I want to thank all of you who have given me encouragement, either directly or through cards, since my mom died on April 6. She had been diagnosed with cancer a year ago February. She was 87 and had made the decision not to go through extensive treatments that would likely have done more harm than good. As many of you know she moved up from North Carolina to stay with Charleen and me last summer, and then in the fall moved up to my brother’s home in Potsdam, NY. Phil and his wife went far beyond the call of duty to minister to her many needs in the last few months of her life. We will be holding a memorial service for her back in North Carolina in a couple of weeks, and anticipate the whole family, including grandchildren and great-grandchildren, as well as other family members and friends to converge for the service.
We had been anticipating her death for over a year so it did not come as any great surprise. Nevertheless, it catches me off guard that I can no longer pick up the telephone and call her. Despite the sorrow, we as Christians are not without hope. So much of the gospel message is about this hope, from John 3:16 – “shall not perish but have everlasting life” to John 14 – “I go to prepare a place for you”, to Revelation 21- “and death shall be no more…”.
There is a beautiful picture in Hebrews 12 as well. This verse quoted above follows right on the heels of Hebrews 11, in which the author of Hebrews has made reference to the faith of what we often refer to as the “gallery of the saints”. He starts with Abel, and then moves on to Enoch, Noah, Abraham, Isaac, Jacob, Joseph, Moses, on down through the history of the Old Testament. The inference, while he does not say it explicitly, is that there is a … at the end of the chapter, leading us to think that the saints of the New Testament are included too; Matthew, Mark, Luke, John, Peter, Paul, etc. But I am convinced that the list does not stop there either. It also includes all those who have passed in the faith before us. That means that it includes our grandparents and our parents and any other loved one who has died in Christ.
Our understanding of heaven is limited on this side of eternity. All we have is what the Bible tells us, despite books by neurosurgeons and others who write about their near death experiences. The fact is, as long as we are still on this side of the Jordan we are still in the race of life and need that encouragement. That race is a marathon and not a sprint. The author of Hebrews seeks to encourage us with the picture at hand, that all those who have passed before us are in the bleachers cheering us on as we continue the race. What a marvelous thought!

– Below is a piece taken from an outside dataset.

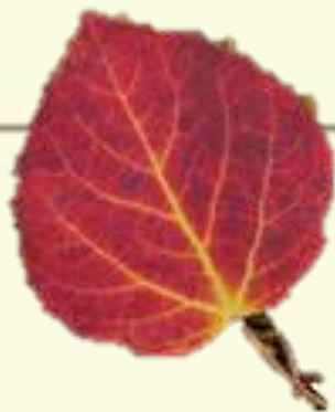
Лист осины (фонарик)

That means my mom and my dad and my grandparents are cheering along with all your loved ones who have died in the faith.
But I want to point out that in the middle of the bleachers as it were is our Lord Jesus himself. As pleasant a thought as it is to contemplate our loved ones cheering us on in the race, we are to fix our eyes on Jesus himself. Elsewhere Paul reminds us that Jesus is at the right hand of God interceding for us. Is it possible that our departed loved ones do too? Perhaps in heaven, cheering is synonymous with praying.